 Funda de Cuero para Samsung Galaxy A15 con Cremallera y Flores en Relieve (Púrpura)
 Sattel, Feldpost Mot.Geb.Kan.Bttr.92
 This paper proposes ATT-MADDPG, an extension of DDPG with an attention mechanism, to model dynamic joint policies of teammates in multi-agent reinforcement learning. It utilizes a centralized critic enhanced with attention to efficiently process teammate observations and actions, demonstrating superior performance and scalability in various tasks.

* * *

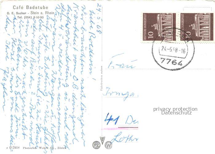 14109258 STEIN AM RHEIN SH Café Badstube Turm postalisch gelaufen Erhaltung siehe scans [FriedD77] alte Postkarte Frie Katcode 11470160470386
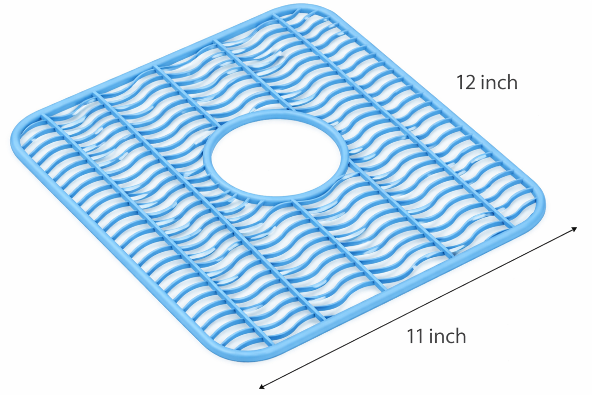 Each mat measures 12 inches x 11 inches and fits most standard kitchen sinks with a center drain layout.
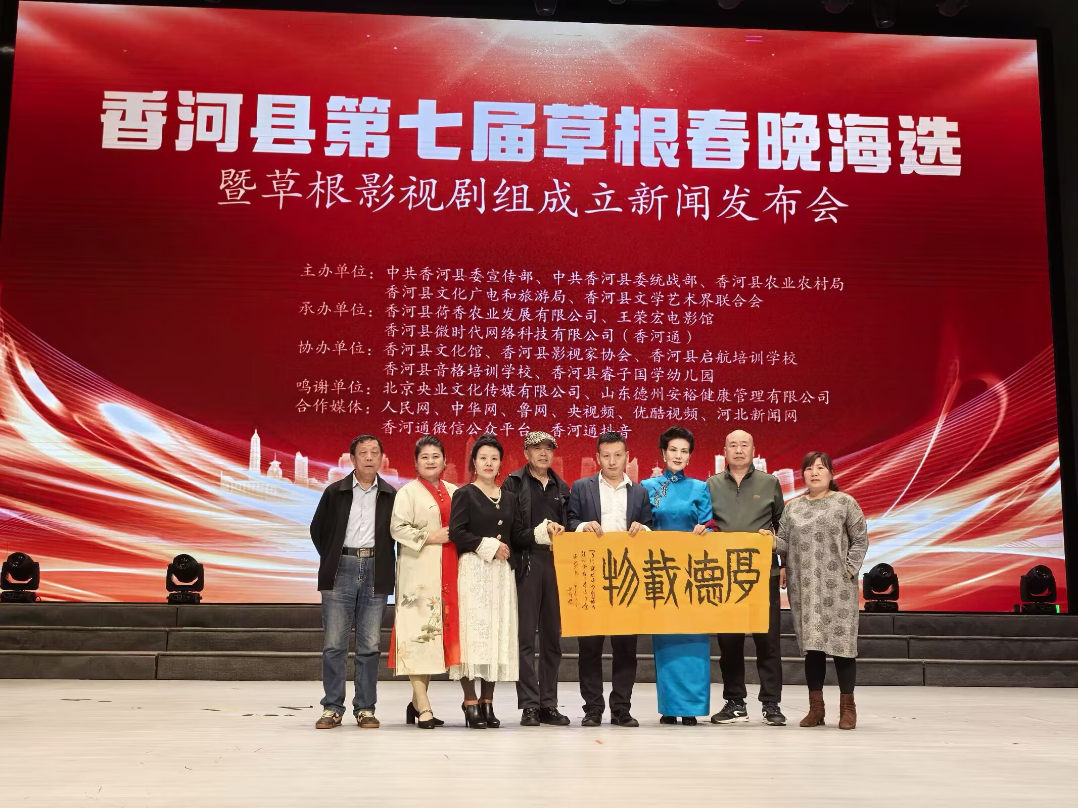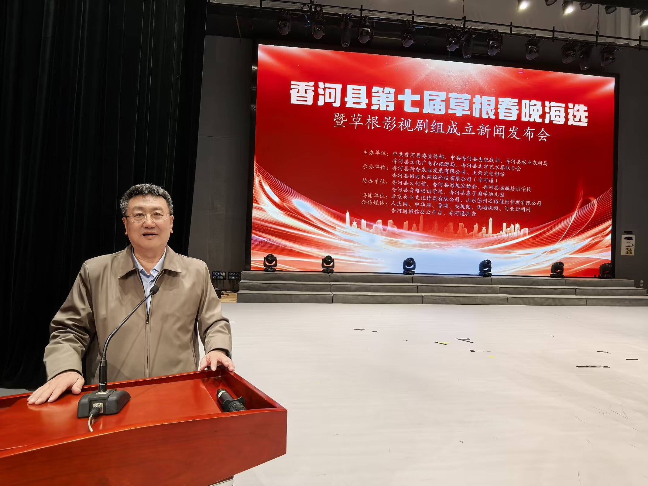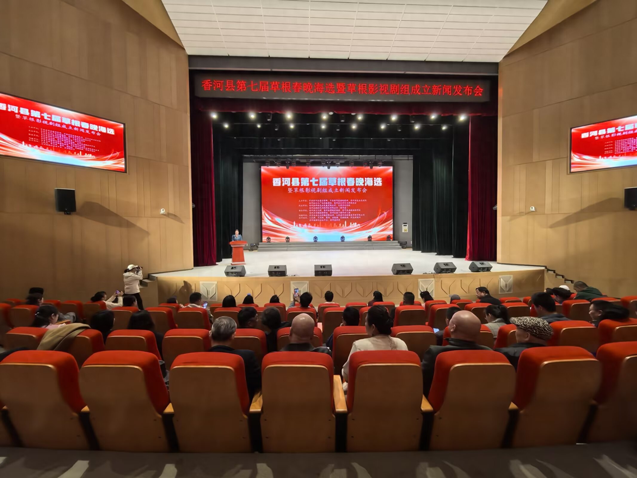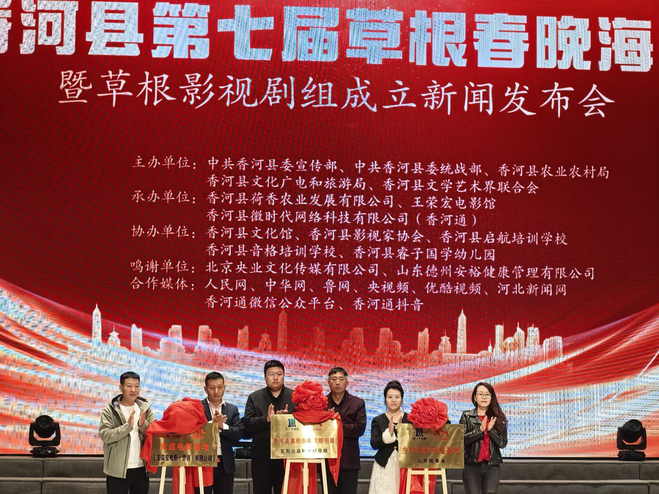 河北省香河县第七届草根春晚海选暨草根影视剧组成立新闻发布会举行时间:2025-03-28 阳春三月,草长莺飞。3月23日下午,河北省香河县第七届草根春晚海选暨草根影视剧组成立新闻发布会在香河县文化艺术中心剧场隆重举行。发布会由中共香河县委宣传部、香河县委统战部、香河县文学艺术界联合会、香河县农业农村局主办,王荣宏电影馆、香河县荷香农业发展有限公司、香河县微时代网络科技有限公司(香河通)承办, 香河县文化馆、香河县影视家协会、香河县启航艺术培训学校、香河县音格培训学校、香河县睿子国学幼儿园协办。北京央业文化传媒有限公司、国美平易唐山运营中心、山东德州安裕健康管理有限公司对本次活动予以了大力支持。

* _Aim of the exercise_: Beginning with the line containing "Funda de Cuero" and ending with the line containing "This paper proposes", extract those lines exactly from the listing above, and only those.

* _Output of the exercise_:
 Funda de Cuero para Samsung Galaxy A15 con Cremallera y Flores en Relieve (Púrpura)
 Sattel, Feldpost Mot.Geb.Kan.Bttr.92
 This paper proposes ATT-MADDPG, an extension of DDPG with an attention mechanism, to model dynamic joint policies of teammates in multi-agent reinforcement learning. It utilizes a centralized critic enhanced with attention to efficiently process teammate observations and actions, demonstrating superior performance and scalability in various tasks.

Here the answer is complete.